The component of EC coupling activated by these agents was identified as the VSRM by its electrophysiological and pharmacological properties. Responses that appeared in the presence of calmodulin or 8-bromo-cAMP exhibited half-inactivation voltages typical of the VSRM (approximately 50 mV) were resistant to blockade of I_Ca-L by Cd²⁺ and were inhibited by tetracaine (22, 96). Furthermore, the presence of either 8-bromo-cAMP or calmodulin in the intracellular solution resulted in sigmoidal contraction-voltage (Fig. 9) or Ca²⁺ transient-voltage relations (22, 96). Activation of the VSRM by either agent also increased the maximum amplitude of contractions or Ca²⁺ transients at membrane potentials corresponding to the overshoot and plateau of the action potential. Thus the component of EC coupling supported by 8-bromo-cAMP or calmodulin had characteristics identical to the VSRM in myocytes studied with high-resistance microelectrodes.
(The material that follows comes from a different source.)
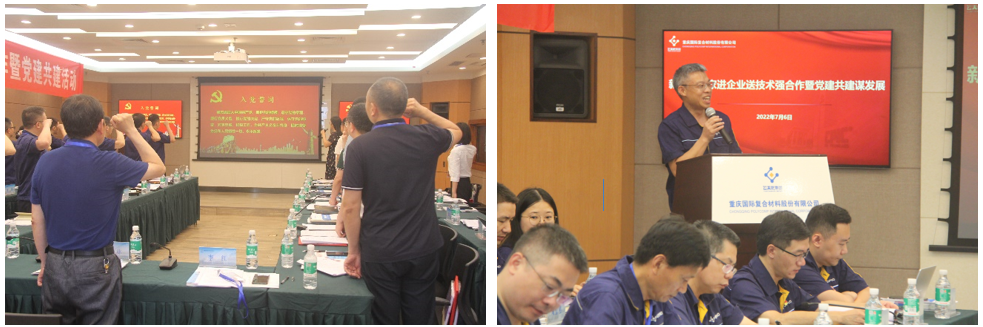 下午座谈会由重庆市新材料产业联合会常务副会长兼秘书长王敬贵主持。会议开始,李红书记带领全体参会党员同志重温了入党誓词。随后,云天化集团党委常委、重庆国际复合材料股份有限公司党委书记庾波介绍了公司的发展历程、主要产品以及应用领域、党建如何引领企业高质量发展等情况。

View larger version (23K): [in this window] [in a new window]   Fig. 9.   Addition of 8-bromo-cAMP (8-Br-cAMP) to patch pipette solutions dramatically enhances the contribution of the VSRM to contraction but causes only modest stimulation of CICR contractions. A: contraction-voltage relationships determined when the VSRM was available for activation (postconditioning potential 65 mV). In the absence of 8-Br-cAMP, the contraction-voltage relationship was bell shaped. Inclusion of 8-Br-cAMP in the pipette solution resulted in a contraction-voltage relationship characteristic of the VSMR. 8-Br-cAMP caused the contraction-voltage relationship to become sigmoidal, markedly increased the amplitudes of contractions, and shifted activation negatively. B: inclusion of 8-Br-cAMP in the pipette increased ICa-L primarily near the peak of the I-V relationship. C: relationship between contraction and current determined from a postconditioning potential of 65 mV in the absence of 8-Br-cAMP was similar to those in F. However, addition of 8-Br-cAMP eliminated the proportionality between contraction and current. D: effects of 8-Br-cAMP on contraction-voltage relations elicited when the VSRM was inactivated (postconditioning potential 40 mV). Contraction-voltage relations were bell shaped and increased modestly when 8-Br-cAMP was included in the pipette. E: I-V relations corresponding to experiments illustrated in D. F: plot of contraction amplitudes as a function of corresponding currents. The relationship between contraction and current was not changed by addition of 8-Br-cAMP to the pipette solution. Thus CICR contractions remained proportional to magnitude of current and there was no evidence for a significant change in gain. [Adapted from Ferrier et al. (22)]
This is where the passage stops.